In a story that seems to be flying under the radar, it has been reported that hundreds of Buick and Cadillac car dealers across the nation have decided that they would rather quit those brands than sell electric cars.
Almost half of America’s Buick dealers and about a third of Cadillac sellers have taken manufacturer buyouts rather than agree to General Motors’ mandate to go all-electric in the coming years, according to Fox Business Network.
Those dealers are not necessarily closing their doors, as they have the option to continue selling other popular GM brands, including Chevrolet and GMC, the Wall Street Journal reported.

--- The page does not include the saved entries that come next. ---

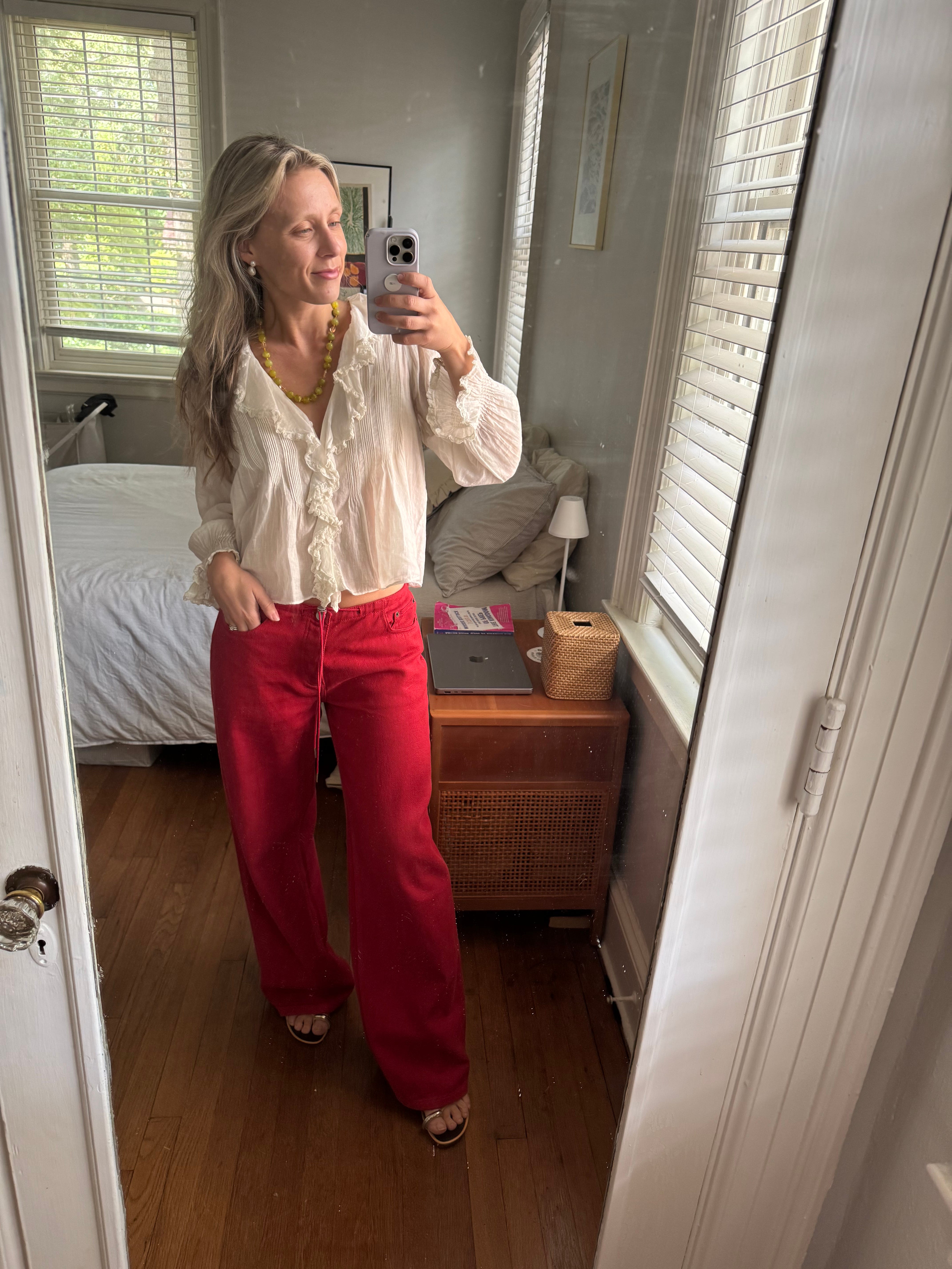 I have been very intentionally practicing what I’m preaching for the past couple of weeks and I’ve been having a lot more fun with my wardrobe than I usually do in August. For starters, it’s time to figure out what accent colors you like the best with your day to day wardrobe- for me I love throwing in a bright red, a soft yellow, or a bright blue for great contrast and because it still feels summery. I pull these colors in via my jewelry, scarves, button down shirts, and light weight knits. Ta-da a third piece that adds more depth to your look and a nod of color that feels intentional and makes you look more put together. Now you may look like you know what your doing (something I would like for all of my outfits to amplify)
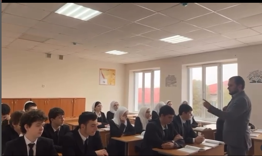 Преподаватель истории и обществознания гимназии Элиханов Али Хазирович провел урок, посвященный 80-летию победы в Великой Отечественной войне.
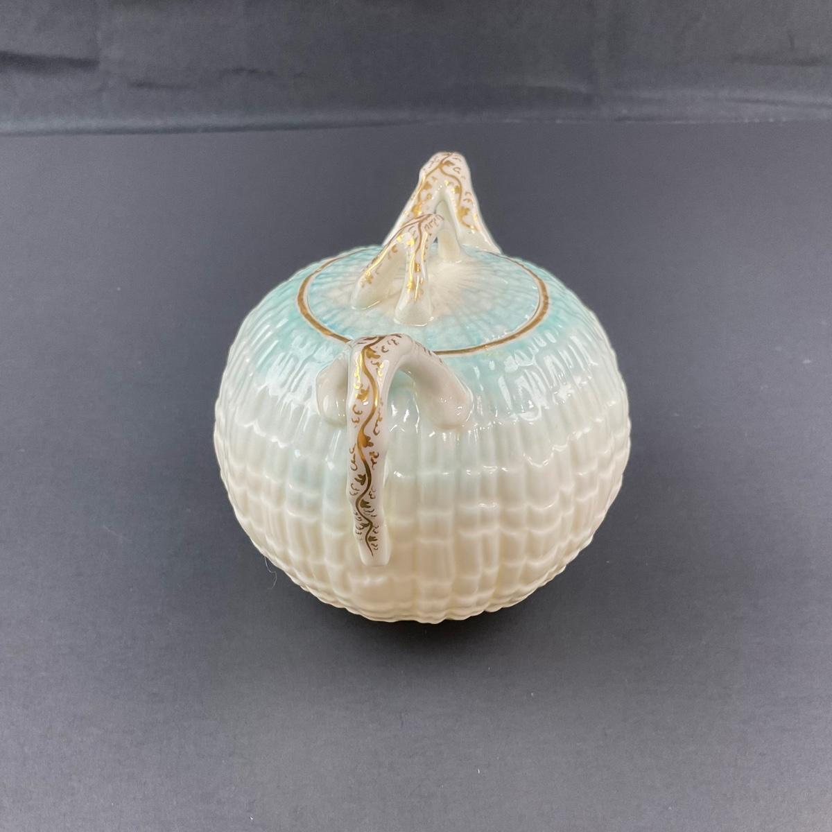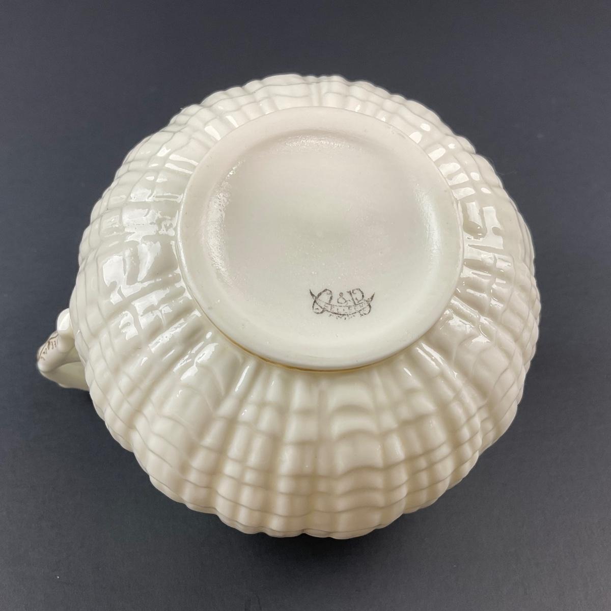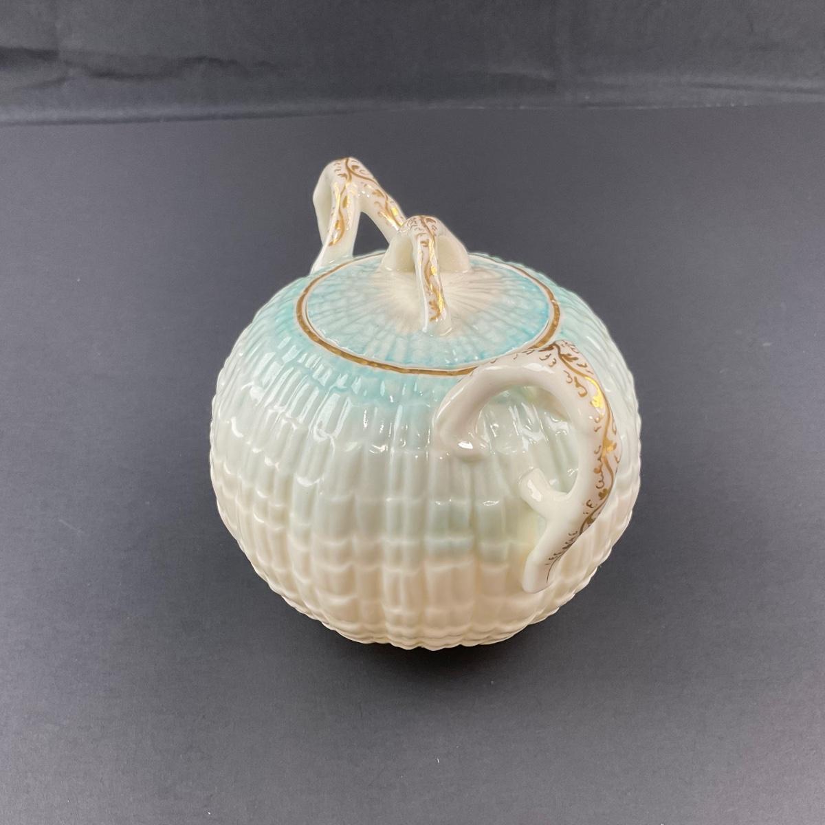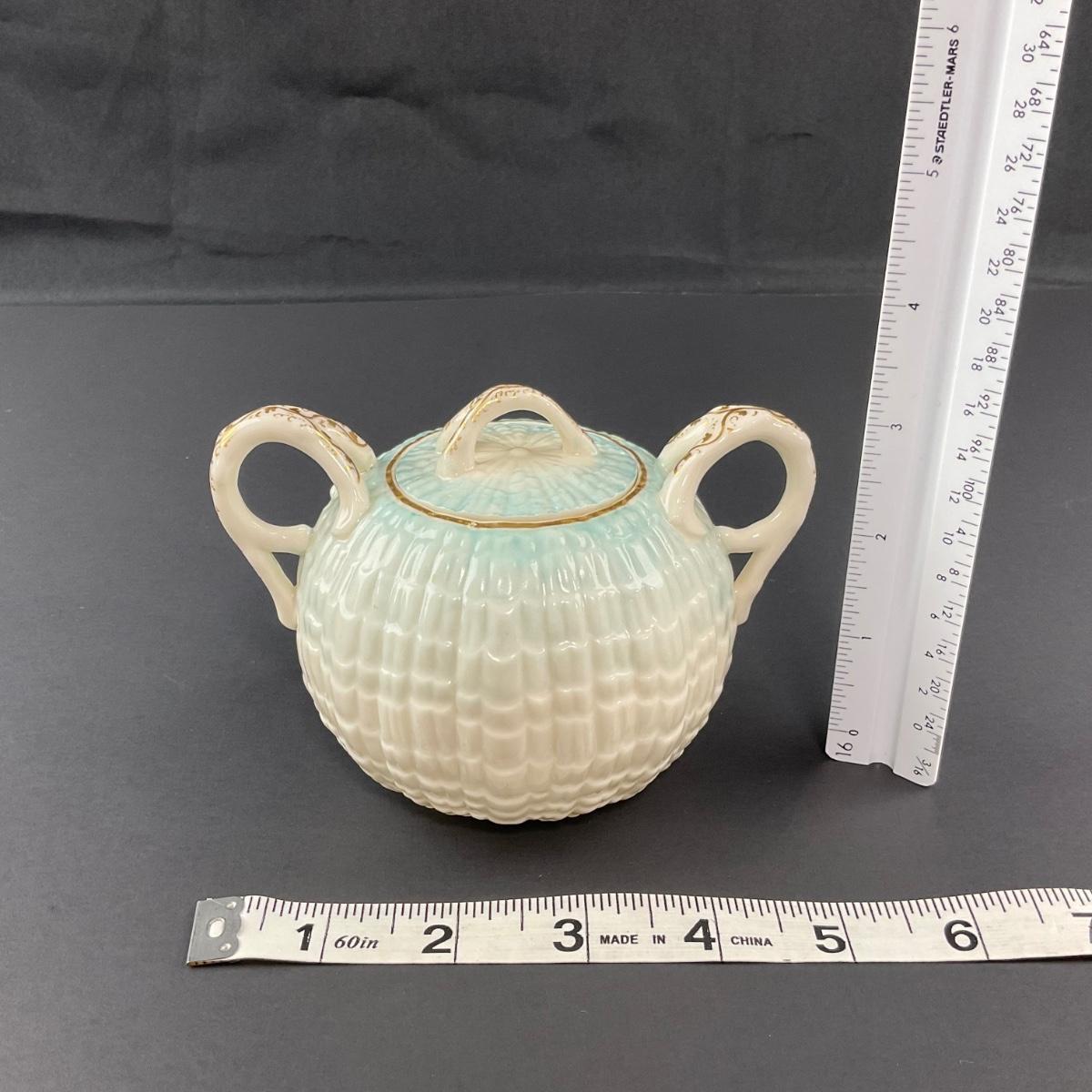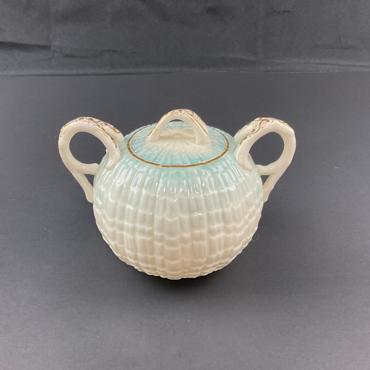 Four pieces total of what is believed to be Blue Neptune Belleek. The covered sugar and creamer have older 1890’s makers marks and the tray has a newer Belleek 6th mark. All pieces have no damage, and appear to be in great shape with no visable chips, cracks, or broken pieces. Please see photos for details and condition. Any condition statement is given as a courtesy to a client, is an opinion, and should not be treated as a statement of fact. Reference to condition written, oral or within a condition report shall not be regarded as a full account of condition and may not include all defects, alterations, or restorations. Absence of a condition report does not imply a lot is flawless or lacking imperfections or damage. Katherine’s Auction & Appraisal Service shall have no responsibility for any error or omission. Returns shall not be accepted on the basis of condition. ::: Shipping is available on this lot. If you require shipping you must let us know at the close of the auction. We will coordinate with you after the item has been won. Shipping fees will include insurance up to or exceeding the value of all items being mailed. If you have any questions regarding this lot please contact the auctioneer either via this website, by direct email or by phone. PICK UP TIMES and other important information can be found in the TERMS and DESCRIPTION of the auction. Please take a look for pertinent information. Thanks!
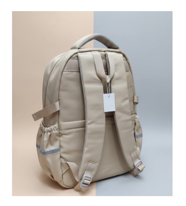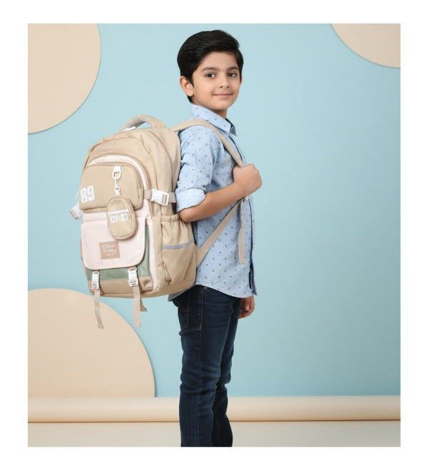 Crafted with attention to detail, this stylish beige backpack features premium quality zippers, durable material, and strong stitching. The comfortable, padded, adjustable back straps ensure easy carrying throughout the day, making it an ideal choice for both school and travel.
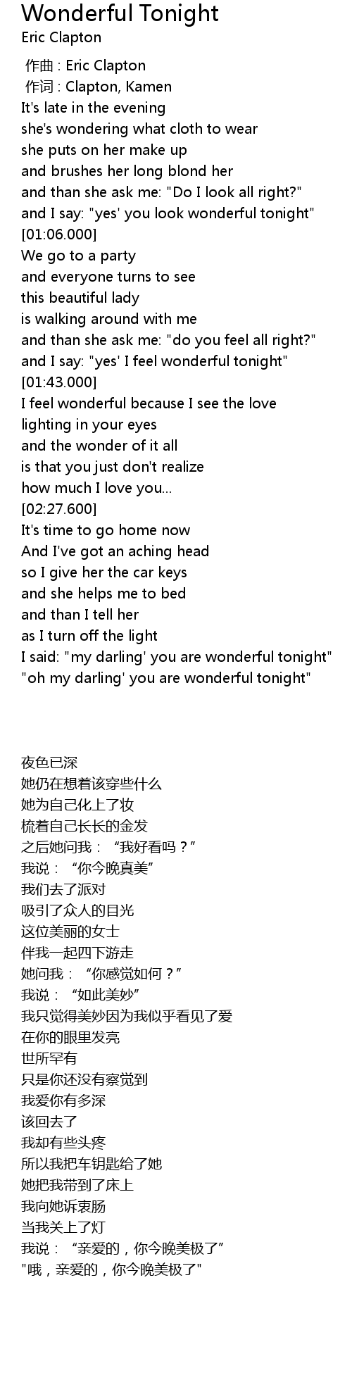 | [02:56.600] | I said: " my darling' you are wonderful tonight" |
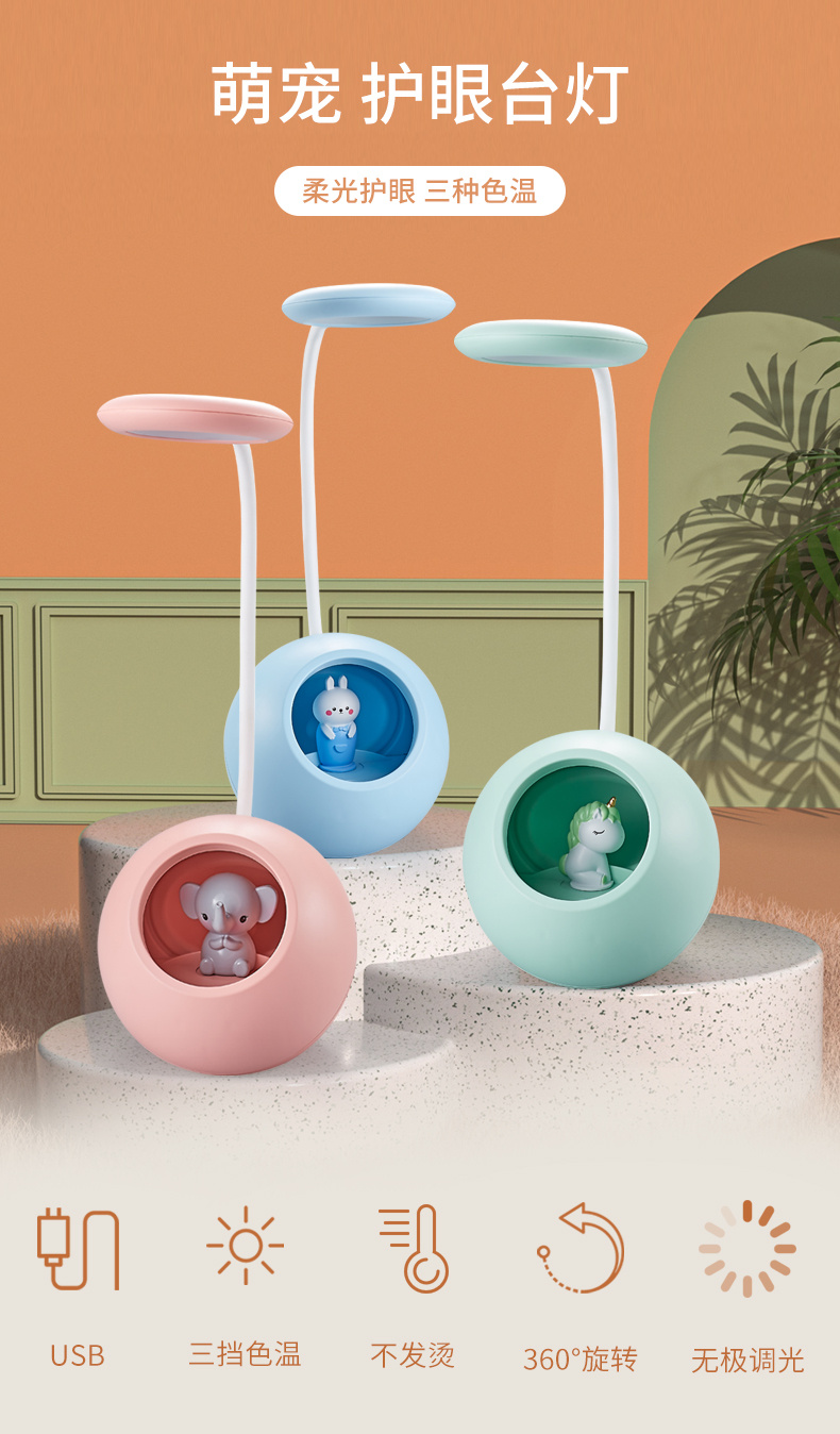 萌宠可爱充电插电台灯卧室学生宿舍护眼书桌学习专用防近视床头灯

As Joe Biden’s regime continues to push EVs on an uninterested car-buying public, GM bought out a whopping 47 percent of its Buick dealers with an offer kicked off in 2022, FBN noted, leaving about 940 of its initial 2,000 dealerships across the country.
The dealerships abandoned the field “due to their reluctance to sell electric vehicles as the automaker looks to transition to EVs,” FBN added.
The corporate buyout offer is still in effect, too, meaning even more dealership owners could still head for the exits instead of selling less-reliable EVs going into 2024.
GM has informed dealerships that they will have to invest in expensive new servicing equipment and staff training to satisfy GM’s plan to be 100 percent EV by 2030.
The cost is steep, too. Dealerships are being required to spend $300,000 or more to reconfigure their business to accommodate EVs.
The owners were also told that if they didn’t want to make the required investment they would be forced to give up their Buick franchise.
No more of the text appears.